I have just tried to create a guest with a local image arch linux on an older physical server using cloudmin. This is still the exact same problem with trying to use a local image. It does not work.

I cannot be the first to have this problem? Two physical servers with cloudmin installs not being able to install local images?

This machine does not seem to have the problem of loosing internet access while a guest is rebooting. I can ping just fine...

Is this a bug? I would need to know before I go too far implementing cloudmin.

Status:
Needs review
»
Active

are there any ideas on this? It is really preventing me from using any other os that is not in the cloudmin list...

I've run into something similar I think.
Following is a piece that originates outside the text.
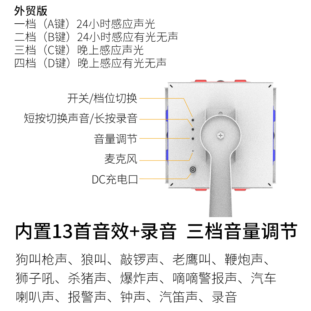 晚上感应声光报警,四档(D键)晚上感应有光无声

Its a KVM issue, not a 'min' issue. Loses connection to host when kvm guest is rebooted. Seems to happen some with KVM/Ubuntu. Issue seems to be that upon kvm network restart it attempts to find or update the mac address of the host for some reason. Fix was to add line in interfaces stating what mac to use for the host. My bridge interface is br0 and the mac address in from my eth0 which is bridged to br0. Put in your own interface's mac address. It will be listed in ifconfig. add to /etc/network/interfaces. This is on ubuntu16.04.

post-up ip link set br0 address 11:11:11:11:11:11

thanks for your comments. This topic basically turned into another bigger problem. I am not able to create guest hosts from a local or downloaded image. I can create a new KVM instance using any of the pre-loaded cloudmin system images, but I cannot choose any of the custom downloaded ones I have. Like Arch linux or yunohost etc.

I will work with you suggestion about the master OS going temporarily offline.